• _Data in this exercise_:
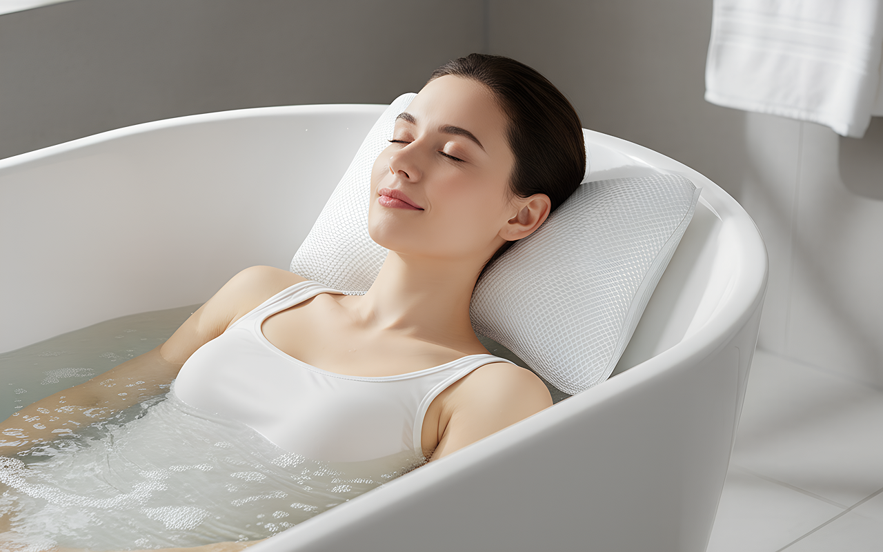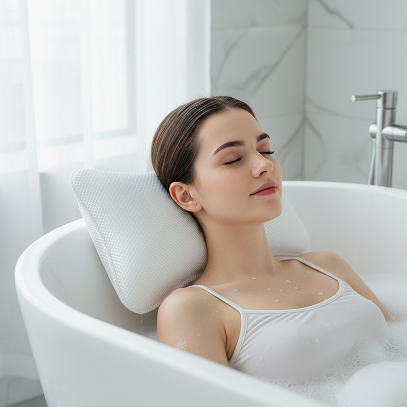 بعد أيام العمل الطويلة، هذه الوسادة للحمام تبدو وكأنها نعيم. رقبتي تجلس بشكل مريح ولم أعد أشعر بأي آلام بعد الاستحمام.
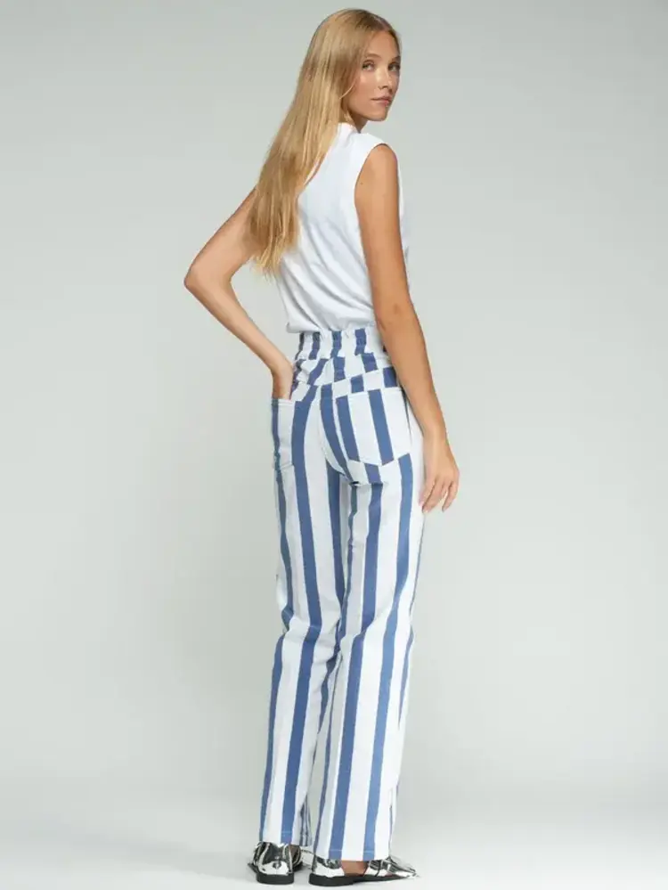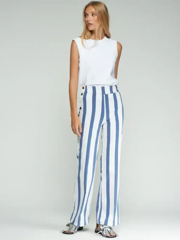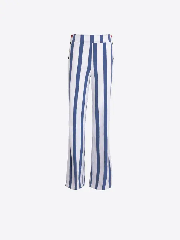 • Straight-cut trousers with a vertical striped print in blue and white. Decorative buttons on both sides of the waistband.
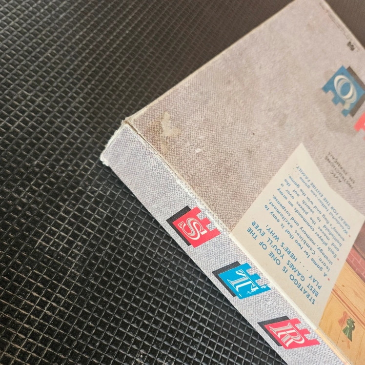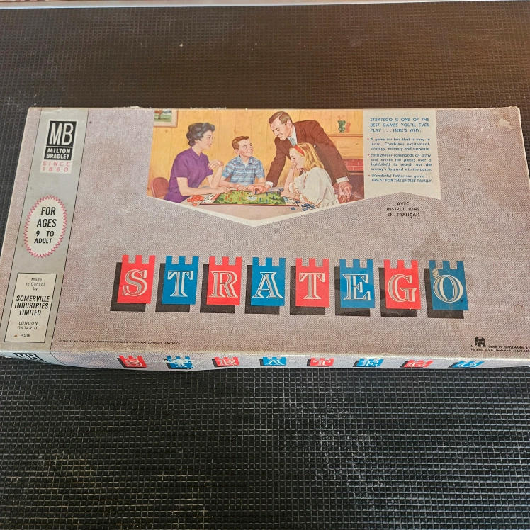 Original Stratego board game vintage 1961. This is 1961 Stratego Game by Milton Bradley Condition: Complete Game board has some damage at center crease on one end The box is in good condition, some tears see photos for all flaws Reasonable wear for age, stain on box cover See pictures as they are partnofnthe description Description: The gameboard is your battlefield. You have an army of men at your disposal and six bombs. Your mission--protect your flag and capture your opponent's flag. Secretly place your men, bombs, and flag on the gameboard with these objectives in mind. But remember your opponent is doing the same thing, so you must plan a defense as well as an offense. Once the armies are in place, advance your men. When you're one space away from an enemy, attack. You and your opponent declare ranks. The lower-ranking man is captured and out of play. You control your pieces and risk your men in battles where the strength of your enemy is unknown. The suspense builds as your men move deeper into enemy territory. Move with caution and courage. The next piece you attack could be a bomb. And when attacked, it could "blast" your man off the board and out of play. The first to capture an enemy flag is the winner! 2 Players 45 Min Playing Time Age: 8+
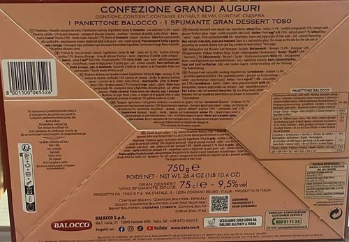 Balocco Buone Feste Pandoro 750g e Gran Dessert contri, 75cl
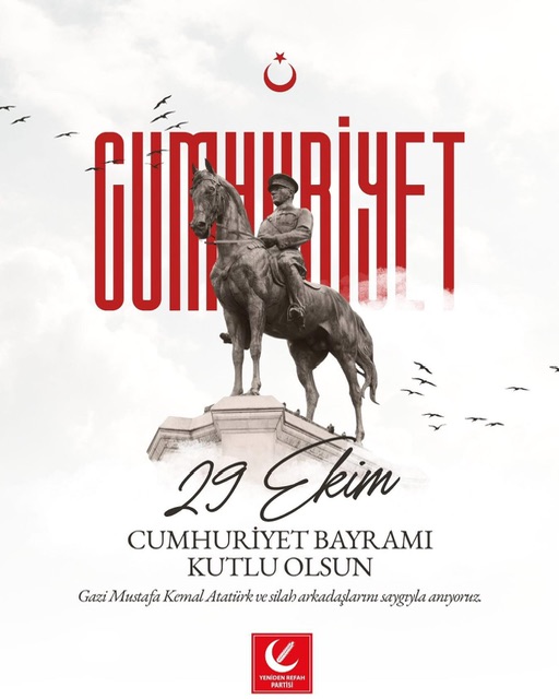 Yeniden Refah Partisi Hatay İl Sorumlusu Dr. Fatih Mehmet Ceyhan, 29 Ekim Cumhuriyet Bayramı’nın 102. yıl dönümü dolayısıyla bir kutlama mesajı yayımladı.
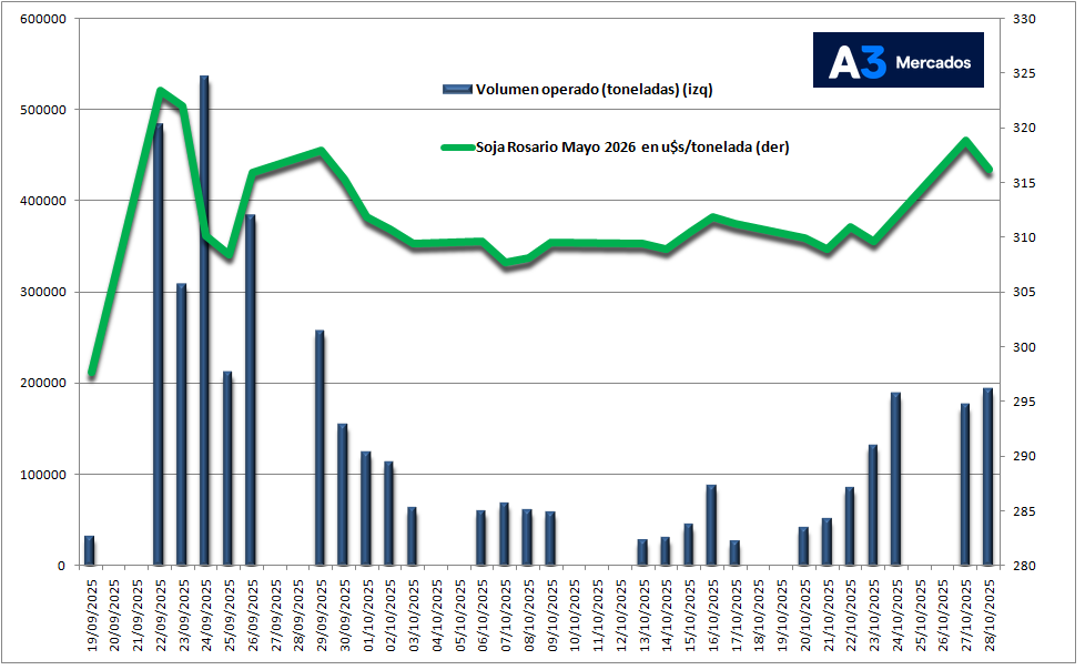 En lo que respecta a la Soja Rosario Mayo 2026 A3, este martes se negociaron 193.600 toneladas en esa posición, el nivel más elevado desde el pasado 29 de septiembre, fecha esta última que corresponde a la tercera jornada posterior a la finalización del régimen de suspensión temporaria de derechos de exportación.
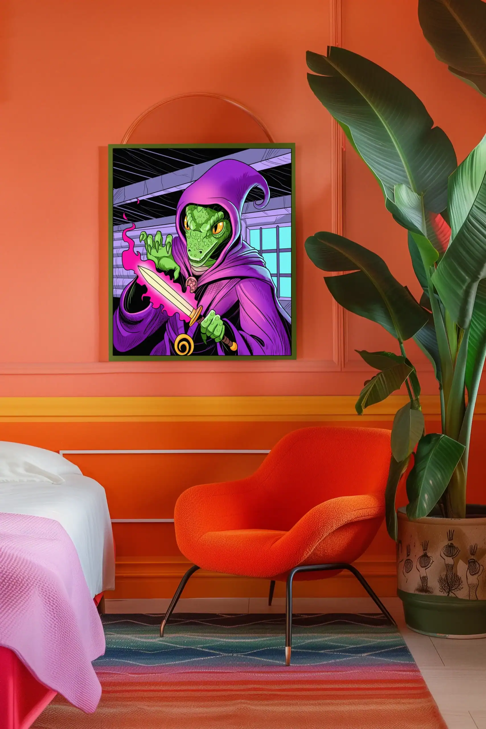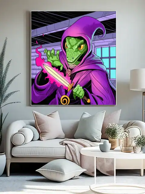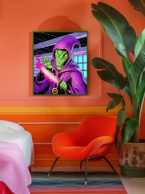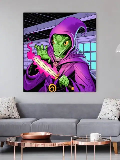A green reptilian sorcerer conjures pink flame from clawed fingertips. This enchantment art trading card canvas print captures Fabricio Vainer’s bold illustration style. Notably, purple wooden beams frame the mystical attic scene.
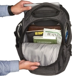 - Polstrovanou kapsu pro iPad/Tablet: Umožňuje bezpečné uložení vašeho tabletu.
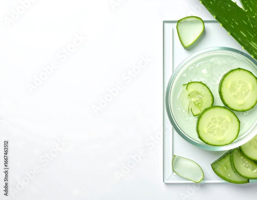 aloe, cucumber, slice, fresh, healthy, skincare, beauty, glasses, plate, natural, vibrant, green, liquid, gel, moisturiser, wellness, organic, product, ingredient, top, view, flat, lay, light, modern, simple, clean
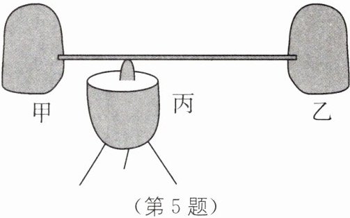5. "推枣磨"是古代的一种平衡游戏,将甲、乙鲜枣用粗细均匀的细竹签串在一起后,放在去除部分枣尖而露出枣核的丙鲜枣上,使之保持静止,如图所示。据图可推测出(
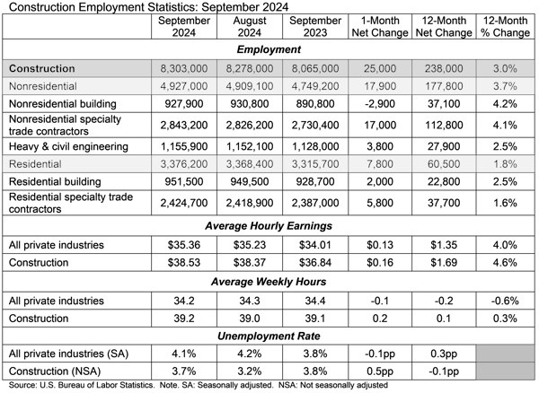The construction industry added 25,000 jobs on net in September, according to an Associated Builders and Contractors analysis of U.S. Bureau of Labor Statistics data. On a year-over-year basis, industry employment is up by 238,000 jobs, an increase of 3.0%.
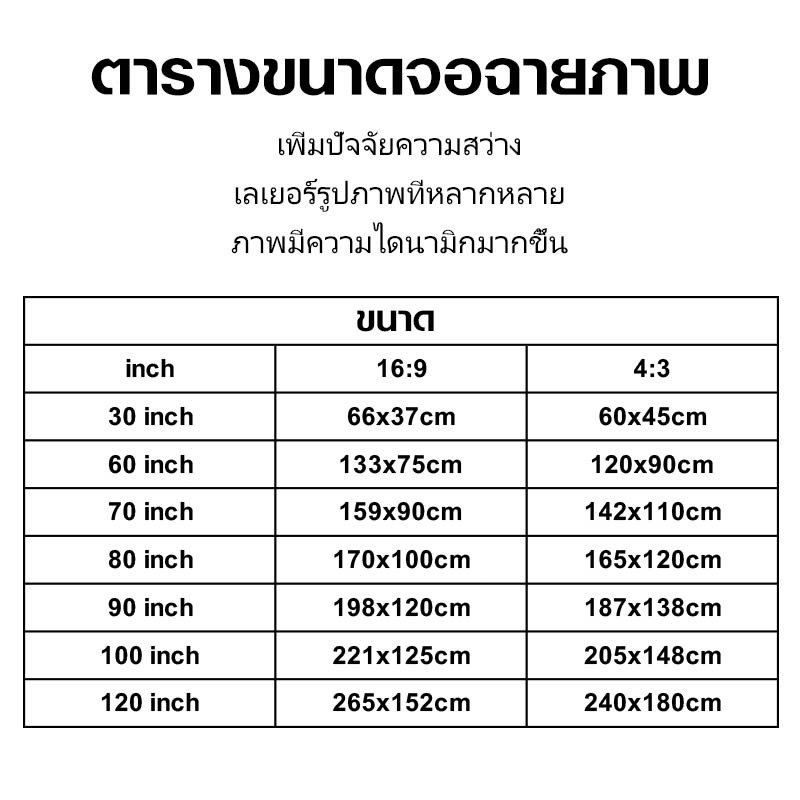 ... 84นิ้ว/100นิ้ว ✨คุณสมบัติ: 1️⃣สีสันสดใสและหน้าจอขนาดใหญ่ หน้าจอโปรเจ็กเตอร์ของเรากระจายแสงที่ฉายอย่างสม่ำเสมอ คุณจะได้สัมผัสกับความเพลิดเพลินในการรับชมภาพที่สมบูรณ์แบบด้วยการสร้างภาพและสีที่ดีที่สุด 2️⃣ผ้ากันรอยยับ สามารถติดบนผนังได้โดยไม่ทำให้ผนังเสียหาย และรูปทรงเป็นสี่เหลี่ยมไม่มีรอยพับ รองรับการซักมือและการรีดผ้าด้วยอุณหภูมิต่ำ 3️⃣ชมภาพยนตร์ภาพยนตร์ทุกที่ทุกเวลา สามารถพับเก็บได้เล็กมาก ไม่กินพื้นที่ และพกพาสะดวก ง่ายต่อการขนส่งและจัดเตรียมสำหรับการเดินทาง เหมาะสำหรับหลายโอกาส ⚠️ความสนใจ: โปรดใส่ใจ💖💖 - กรุณาตรวจสอบโดยเร็วที่สุดหลังจากได้รับสินค้า - หากมีข้อบกพร่องที่ขาดหายไป/จากการผลิต โปรดติดต่อฝ่ายบริการลูกค้าของเรา เราจะตอบกลับโดยเร็วที่สุดและจัดหาวิธีแก้ปัญหาที่เหมาะสมให้กับคุณ 💖💖สุดท้ายนี้ขอให้ทุกท่านมีชีวิตที่มีความสุข
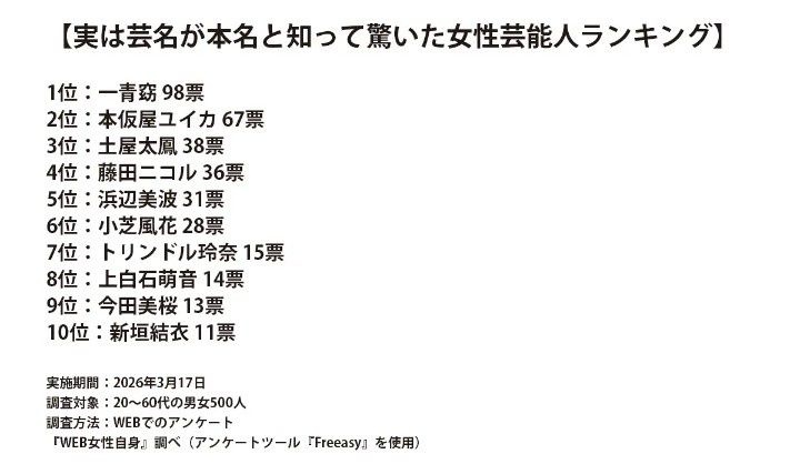 そこで本誌はWEBアンケートツール「Freeasy」にて、20~60代の男女500人を対象に「実は芸名が本名と知って驚いた女性芸能人」についてアンケート調査を実施した。

• _Task to complete_: Starting at the line above that holds "- Polstrovanou kapsu", repeat every line exactly down to and including the line that holds "The construction industry", then stop. Do not carry over any pictures.

• _Response box_:
 - Polstrovanou kapsu pro iPad/Tablet: Umožňuje bezpečné uložení vašeho tabletu.
 aloe, cucumber, slice, fresh, healthy, skincare, beauty, glasses, plate, natural, vibrant, green, liquid, gel, moisturiser, wellness, organic, product, ingredient, top, view, flat, lay, light, modern, simple, clean
5. "推枣磨"是古代的一种平衡游戏,将甲、乙鲜枣用粗细均匀的细竹签串在一起后,放在去除部分枣尖而露出枣核的丙鲜枣上,使之保持静止,如图所示。据图可推测出(
The construction industry added 25,000 jobs on net in September, according to an Associated Builders and Contractors analysis of U.S. Bureau of Labor Statistics data. On a year-over-year basis, industry employment is up by 238,000 jobs, an increase of 3.0%.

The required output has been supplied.